As the official “water master” for the Berkeley Springs International Water Tasting competition, Von Wiesenberger has the task of getting judges up to speed on what makes for a good water.
As the author of several books on bottled water, as well as multiple other books and articles on food and beverages, Von Wiesenberger is an internationally known print and broadcast presenter. He’s a member of the International Bottled Water Association and a past president of The International Food, Wine and Travel Writers Association, so it’s safe to say he knows his water.
“I have about an hour to get someone ready to evaluate water,” he says. “We use tasting sheets that were designed for NASA to evaluate the acceptability of mineralization in water for space travel. It’s not too hard – we are looking for the absence of things, really.”
For example, when someone fills a glass from the tap, they smell the chlorine used in most municipal water. Bottled water doesn’t have that smell, or at least it shouldn’t. Also, if something’s floating in the water, that takes points off.

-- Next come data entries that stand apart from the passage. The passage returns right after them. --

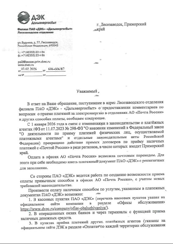 ⚡️ Оплата электричества: ДЭК прислал официальный ответ. Проще не стало? Помните наш пост о том, что старшее поколение жителей фактически лишили удобной оплаты квитанций через «Почту России»? Мы получили официальное разъяснение от Лесозаводского отделения «Дальэнергосбыта». Что говорят энергетики: 📍 Почему всё сломалось? С 1 января 2026 года вступили в силу изменения в законе о платежных агентах (ФЗ № 298). Из-за этого прямые договоры с «Почтой России» в Приморье были прекращены. 📍 Как теперь платить на почте? Привычный «прием платежа» больше не работает. Теперь это оформляется как почтовый перевод. ⚠️ Важно: Для этого нужно иметь при себе бумажную квитанцию со всеми реквизитами ПАО «ДЭК». 📍 Где еще можно оплатить наличными в Лесозаводске? Если почта теперь — это сложно и долго, ДЭК предлагает альтернативы: Кассовые пункты самого ДЭК Операционные окна и терминалы банков. Пункты других платежных агентов. 📍 Дистанционные способы (для тех, кто «на ты» с техникой): Тут без из
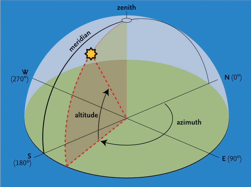 It is useful to know some of the special terms for various parts of the sky. As seen by an observer, half of the celestial sphere is invisible, below the horizon. The point directly overhead is known as the zenith, and the (invisible) one below one’s feet as the nadir. The line running from the north point on the horizon, up through the zenith and then down to the south point is the meridian. This is an important invisible line in the sky, because objects are highest in the sky, and thus easiest to see, when they cross the meridian. Objects are said to transit, when they cross this line in the sky.
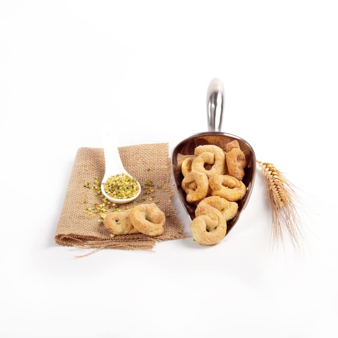 Farina di grano tenero, olio di oliva, acqua, zucchero, margarina vegetale (grassi e oli vegetali (palma, cocco, colza e girasole), grasso vegetale totalmente idrogenato, burro anidro, emulsionanti (E322, E471, E472c, E475, E476), conservante E202, sale, aroma, regolatori di acidità (E330, E331), colorante E160a, pasta pistacchio 8% (olio vegetale, pistacchi, mandorle, lattosio e proteine del latte, destrosio, glucosio disidratato, aroma, emulsionante: lecitina di soia, coloranti: curcumina, clorofilla), pistacchio 2%, sale, polvere lievitante, vanillina.

Clear and transparent is the goal.
Then there’s an aroma check, which in addition to the aforementioned chlorine can also include a swampy smell, which might indicate the presence of algae, or iron, which gives a metallic smell. Even worse is a plastic smell, which would indicate a low-grade casing.

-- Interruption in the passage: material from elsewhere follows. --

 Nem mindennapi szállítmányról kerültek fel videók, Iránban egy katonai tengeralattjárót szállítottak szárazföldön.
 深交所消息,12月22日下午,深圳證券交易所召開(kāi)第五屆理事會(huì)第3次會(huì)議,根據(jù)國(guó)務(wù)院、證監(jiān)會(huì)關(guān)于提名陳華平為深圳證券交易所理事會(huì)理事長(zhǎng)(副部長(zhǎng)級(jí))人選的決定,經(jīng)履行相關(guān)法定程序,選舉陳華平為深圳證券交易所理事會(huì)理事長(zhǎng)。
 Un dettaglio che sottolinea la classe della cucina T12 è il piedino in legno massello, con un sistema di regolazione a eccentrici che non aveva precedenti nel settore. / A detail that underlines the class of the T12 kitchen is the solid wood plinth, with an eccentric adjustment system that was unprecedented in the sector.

“Then we move onto taste,” Von Wiesenberger explains. “When you roll the water over your palate, you can pick up subtleties of sweetness, bitterness or sourness. Water does have a flavor profile.
“Sweeter-tasting water means certain minerals, like potassium, while calcium and magnesium provide hardness. Silica, on the other hand, will give you a ‘mouth feel’ of slipperiness.”

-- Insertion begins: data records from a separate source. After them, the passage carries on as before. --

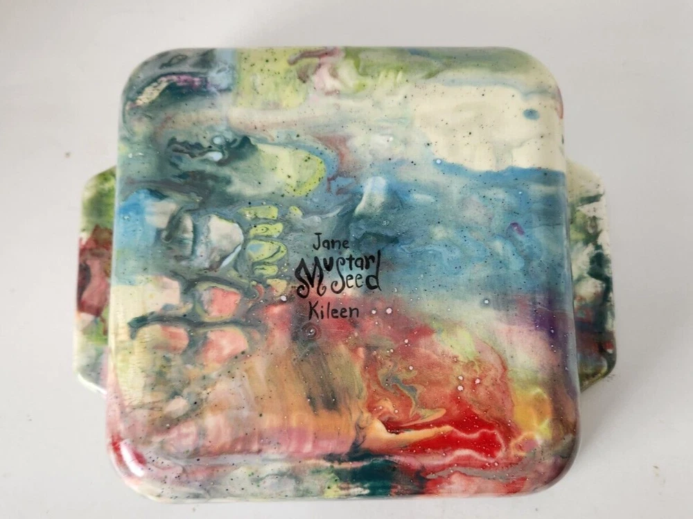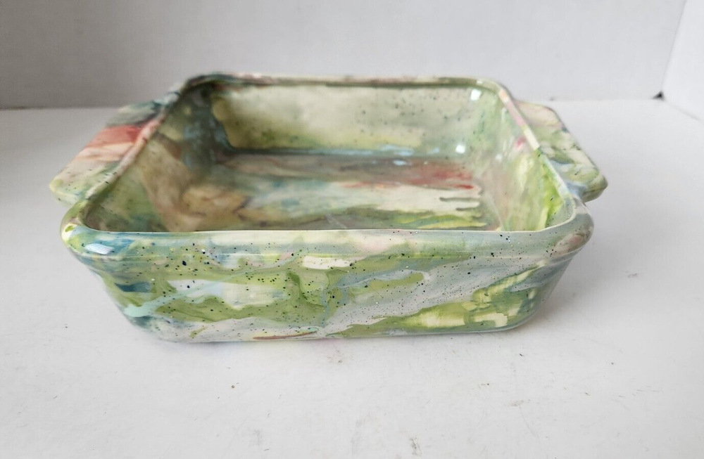 Colorful Handpainted Art Studio BAKING DISH Jane Kileen~ Mustard Seed 8 x 8...
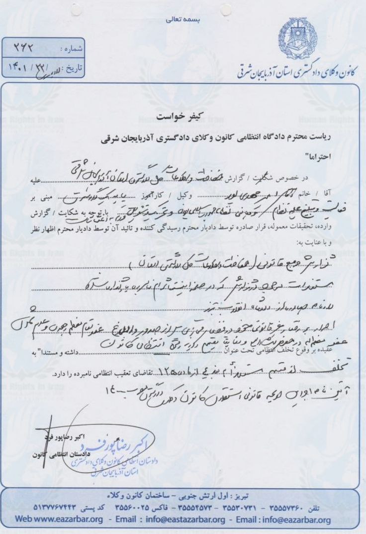 حقوق بشر در ایران ـ امروز شنبه ۳ تیر ماه ۱۴۰۲، دادگاه انتظامی کانون وکلای دادگستری استان آذربایجان شرقی با تنظیم کیفرخواستی، امیر مهدی پور را احضار کرد.
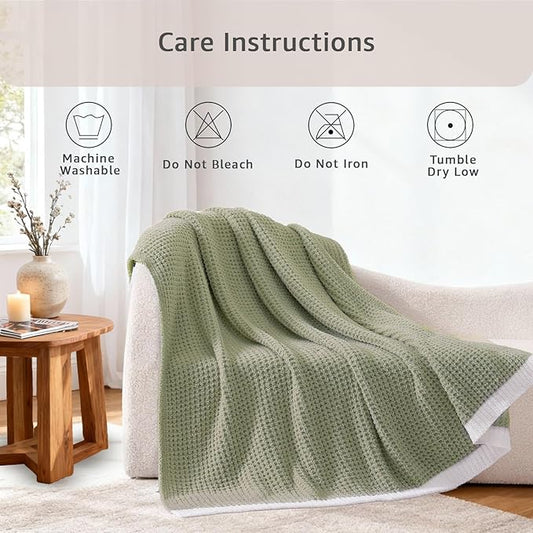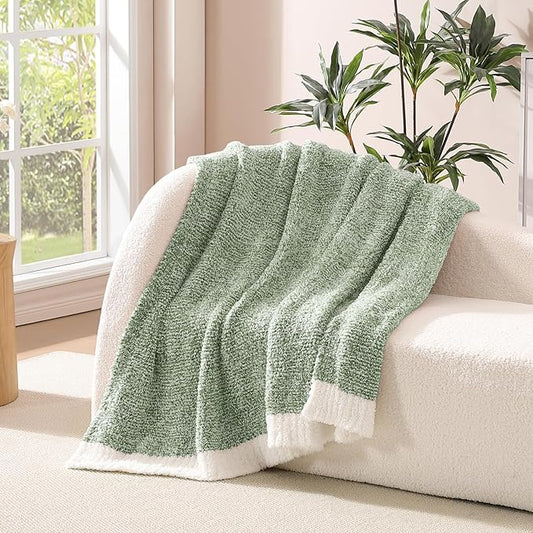 WRENSONGE Checkered Throw Blanket, Avocado Green Soft Cozy Fluffy Warm Hand Made Throw Blankets for Couch, Sofa, Chair, Bed, Camping, Picnic, Travel Lightweight Bed Blanket - 60"*80"
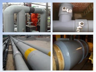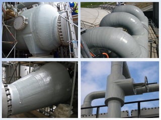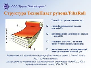 Документ описывает материалы 'технопласт' и 'fibaroll', предназначенные для усиления и защиты трубопроводов, оборудования и резервуаров от коррозии, химических воздействий и воздействия окружающей среды. Эти фотополимерные материалы обеспечивают высокую механическую прочность и стойкость к различным химическим веществам, соответствуя стандартам ISO 9001:2000. Рекомендуется применение данных покрытий в различных отраслях, включая нефтяную, для восстановления и защиты инфраструктуры.

Springs have a unique fingerprint, he adds, and so each water can provide its own overall impression. That, he says, is what the judges are after.
“When we talk about flavor, mouth-feel and aftertaste, that’s what we mean,” he says.
“Do you feel thirsty after drinking it? Do you want more or not? Our scoring sheets run the range from ‘I would use this as my everyday drinking water’ to ‘I can’t stand this water in my mouth,’ and that’s how we add it all up.”